LNP efficiency can be improved by PEGylation or specific composition, such as the use of ionizable aminolipids to form small multilamellar vesicle structures [89]. As for the other described biodegradable NPs, immunotoxicity, pro-inflammatory cytokines production, CARPA and eventually, anaphylactic shock are mainly ruled by the surface chemistry determining their PC and tissue-specific molecule adhesion [90, 91].

Summarized in Table 1 are reported cell receptor engaged, signal pathways and cytokine released by biodegnadable NPs used in biomedicine.

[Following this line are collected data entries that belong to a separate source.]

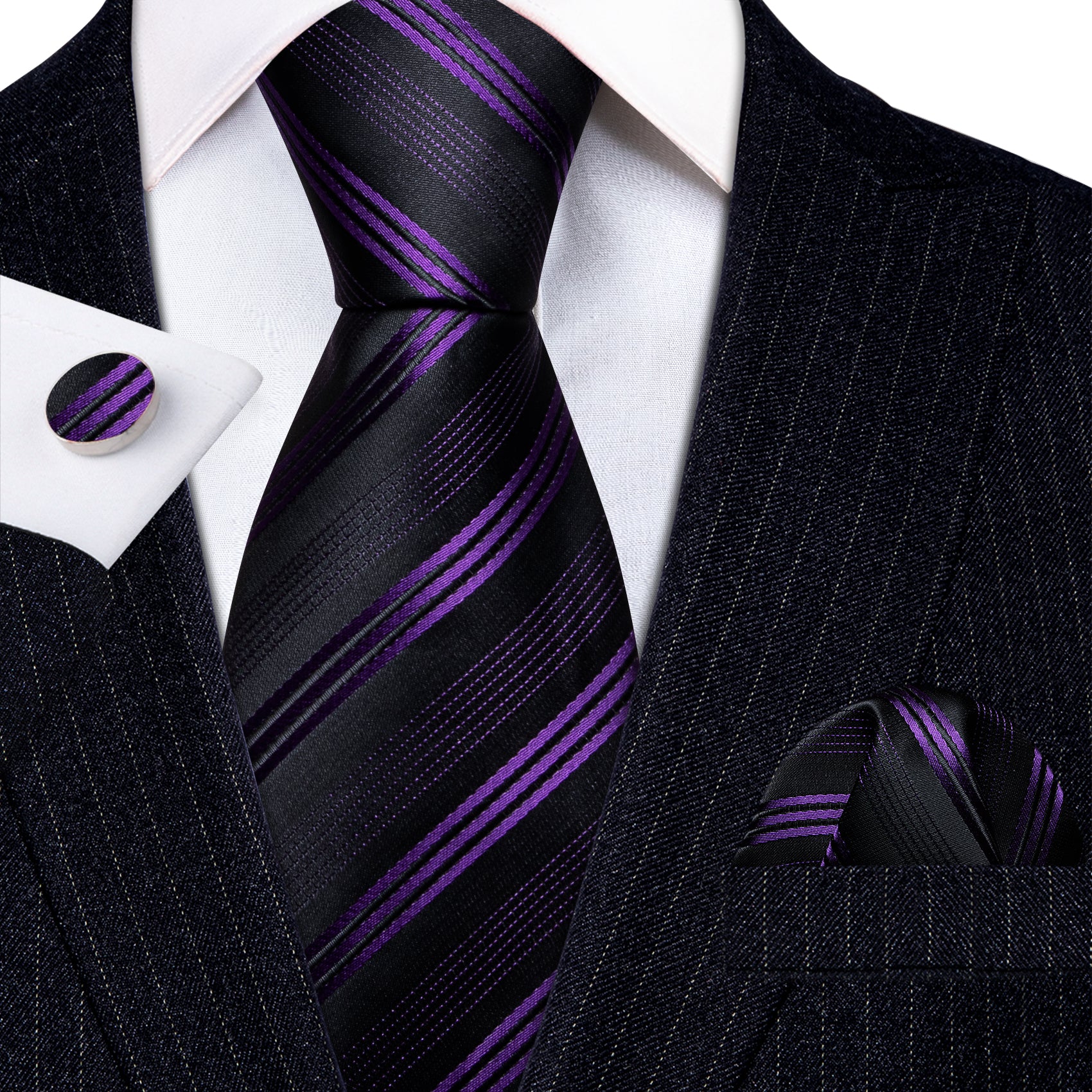 Formal Ties Enlision Men's Purple \u0026 Black Striped Tie Set - Complete With Pocket Square, Cufflinks \u0026 Handkerchief For Weddings \u0026 Formal Events Purple Black Striped Tie Wedding Set mens purple tie set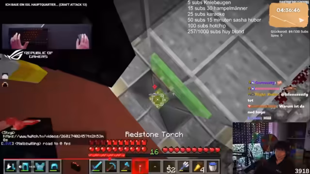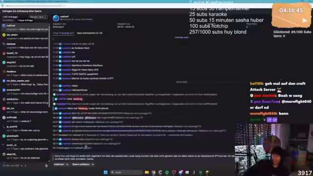 22:54:15Nachdem das Video zu Ende gegangen ist, wechselt der Streamer das Spiel und startet Minecraft, wo er für Zuschauer zur Verfügung steht. Er erläutert seinen Verhältnis zu Arbeit und Schlaf, da er ständig streamt und sich ein Ruhepause als "Arbeitszeitbetrug" vorstellt. Gleichzeitig erwähnt er, dass Hugo sich auf Fischmarkt auf Madeira befindet und einen gesünderen Lebensstil anstrebt. Außerdem beklagt er, dass er in den Chat immer wieder problematische und rassistische Kommentare bekommt, weshalb er相应 bannt.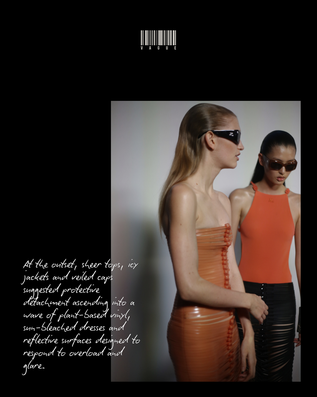 From a frosty teal opening to the molten peach, sand and dune tones that followed, the collection played out like a thermal gradient. At the outset, sheer tops, icy jackets and veiled caps suggested protective detachment ascending into an inferno of plant-based vinyl, sun-bleached dresses and reflective surfaces designed to respond to overload and glare. The accessories stayed on theme: face-covering visors, mutated bags, glove-like boots and transparencies that painted the picture of a future tinged by global warming.

Several formulations are increasingly taking advantages of nanotechnology. In particular, biodegradable NPs reveal huge versatility of employment in medicine. The possibility to design immune-compatible nano-tools will allow the development of highly performing gene or drug delivery systems. Vaccine adjuvant technology could also be improved by the use of degradable NPs eliciting tailored immune responses. Nevertheless, the fine tuning of the IS must be carefully controlled and continuous immunological research will be needed to face the amazing growing development of NM. In particular, NP surface chemistry and its modifications to improve solubility and delayed clearance must be deeply investigated as suggested by antibody-mediated uncontrolled immune responses to PEGylated NPs already used in nanomedications.